Justice Scalia Scales New Heights of “Situational Jurisprudence” in DOMA Dissent
Statement of Democracy 21 President Fred Wertheimer
Justice Scalia truly outdid himself in the dissenting opinion he wrote in the DOMA case, decided yesterday by the Supreme Court. He appears to have perfected the art of “situational jurisprudence.”
Justice Scalia has had no problem voting to invalidate laws enacted by Congress when he is eliminating laws he disagrees with. When Congress has passed laws he dislikes, he has often shown his disdain for providing deference to Congress.
Without batting an eye, Justice Scalia has voted to strike down the nation’s ban on corporate spending in federal elections that was enacted by Congress in 1947, to strike down The Patient Protection and Affordable Care Act that was enacted by Congress in 2010 and, just two days ago, to strike down the operative section of the Voting Rights Act that was re-enacted by Congress in 2006.

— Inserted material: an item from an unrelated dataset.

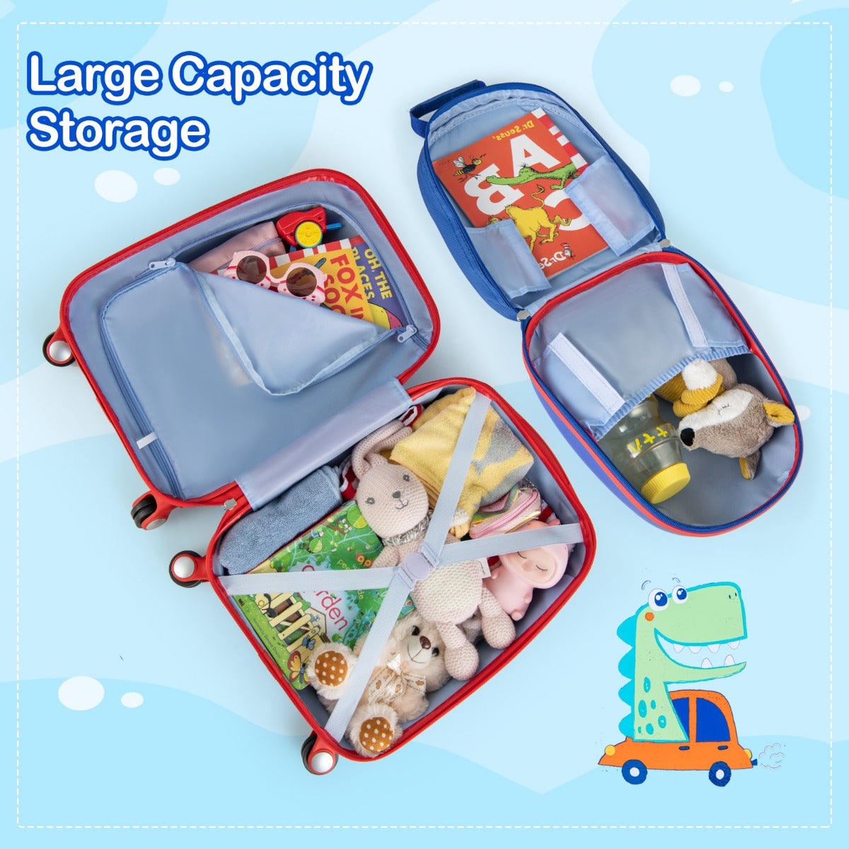 Large Capacity for Travel Essentials: The kid's suitcase has a zippered large compartment and a x-shape elastic strap, which is convenient for storing and fixing toys, clothes and hats. In addition, the backpack has a pocket and a compartment, which are suitable for placing books, snacks, cups, etc. Hence, our kids luggage set is a good way to let kids learn how to store and organize while preparing for travel.

But when it came to DOMA, Justice Scalia could not contain his outrage at the Supreme Court for having the audacity to strike down a law enacted by “the people’s Representatives in Congress and the Executive.” Suddenly, Justice Scalia sees a Court that has “no power under the Constitution to invalidate this democratically adopted legislation.”
Justice Scalia’s new found “situational” deference to Congress can be seen in multiple statements in his dissent in the DOMA case. For example, Justice Scalia said:
This case is about power in several respects. It is about the power of our people to govern themselves, and the power of this Court to pronounce the law. Today’s opinion aggrandizes the latter, with the predictable consequence of diminishing the former. We have no power to decide this case. And even if we did, we have no power under the Constitution to invalidate this democratically adopted legislation.
And then there is this quote from the Scalia dissent:
That is jaw-dropping. It is an assertion of judicial supremacy over the people’s Representatives in Congress and the Executive. It envisions a Supreme Court standing (or rather enthroned) at the apex of government, empowered to decide all constitutional questions, always and everywhere ‘primary’ in its role.
And then there is this one:
We have no power to decide this case. And even if we did, we have no power under the Constitution to invalidate this democratically adopted legislation. The Court’s errors on both points spring forth from the same diseased root: an exalted conception of the role of this institution in America.
There are many ways to describe Justice Scalia’s role reversal and the dramatic inconsistency in his views about our democratic process and the role of Congress and the Executive in our constitutional system.
‘Jaw-dropping’ is just one word that comes to mind.